Della tradizionale Festa di San Giacomo, patrono di Calvizzano, e del rito dell’incendio del Campanile, se ne parla anche nel libro degli itinerari culturali e dei siti Unesco della Città Metropolitana

                                                      

La tradizionale Festa di San Giacomo, patrono di Calvizzano, e il suggestivo rito dell’“Incendio del Campanile” sono tornati a far battere il cuore della comunità. Un evento tanto amato da essere citato anche nel Libro degli Itinerari Culturali e dei Siti UNESCO della Città Metropolitana di Napoli.

Per anni la manifestazione era stata sospesa a causa della mancanza di fondi e delle precarie condizioni strutturali del campanile, monumento simbolo di Calvizzano, considerato tra i più belli dell’intera provincia di Napoli. La svolta è arrivata grazie al parroco Don Ciro e alla generosità dei fedeli, che hanno reso possibile il restauro dell’antico manufatto.

L’ultimo incendio del campanile si era tenuto nel 2014. Dopo due anni di pausa, l’evento fu ripreso nel gennaio 2016, grazie a un progetto finanziato dall’Ente Provinciale per il Turismo (EPT), classificatosi primo in graduatoria, con un contributo di 15mila euro. Tuttavia, nel 2018, nuove criticità emersero a causa della caduta di calcinacci: si rese necessaria una messa in sicurezza della struttura.

Negli anni successivi, lo scioglimento del Consiglio Comunale, l’arrivo dei Commissari straordinari e infine la pandemia da Covid-19 impedirono nuovamente lo svolgimento della manifestazione.

Il rito è tornato nel 2022, rilanciato con determinazione dall’amministrazione guidata dal sindaco Pirozzi.
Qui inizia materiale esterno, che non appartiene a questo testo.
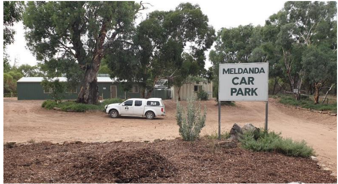
Figure 2 Meldanda Carpark

L’organizzazione fu affidata, tramite piattaforma MEPA (Mercato Elettronico della Pubblica Amministrazione), alla società Terracciano di Casalnuovo, per un importo complessivo di 9.699 euro, IVA e oneri di sicurezza inclusi.

Dal 2023, la spettacolare cerimonia dell’“Incendio del Campanile” ha assunto un formato ancora più coinvolgente, fondendo la magia dei fuochi d’artificio con la potenza evocativa della musica, trasformando la festa in un’esperienza sensoriale unica per cittadini e visitatori.

Un rito che affonda le sue radici nella tradizione, ma guarda con forza al futuro, come emblema dell’identità e della rinascita culturale di Calvizzano.